Required work
Would you repeat the data below exactly, taking out the images?

-------- Data below

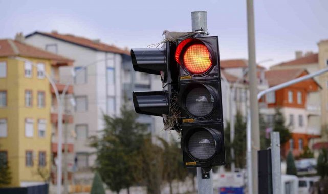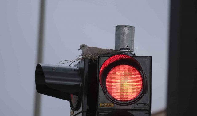 Karaman'ın en işlek kavşağındaki trafik lambasına yuva yapan kumru görenleri şaşırtıyor
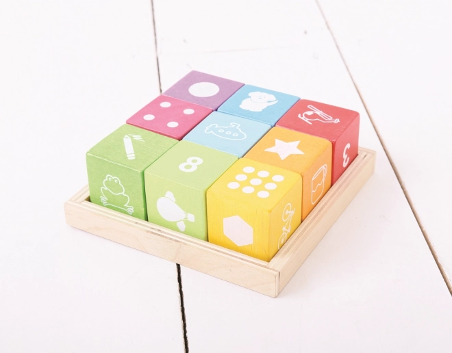 - Ambalaj practic: 9 cuburi + tavă din lemn pentru depozitare ordonată.
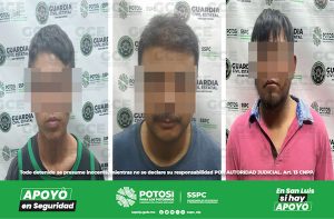 San Luis Potosí, S.L.P.- Distintos operativos de seguridad, emitidos por agentes de la Guardia Civil Estatal (GCE) permitieron la detención de seis hombres en diferentes

----------------

Answer to this task
 Karaman'ın en işlek kavşağındaki trafik lambasına yuva yapan kumru görenleri şaşırtıyor
 - Ambalaj practic: 9 cuburi + tavă din lemn pentru depozitare ordonată.
 San Luis Potosí, S.L.P.- Distintos operativos de seguridad, emitidos por agentes de la Guardia Civil Estatal (GCE) permitieron la detención de seis hombres en diferentes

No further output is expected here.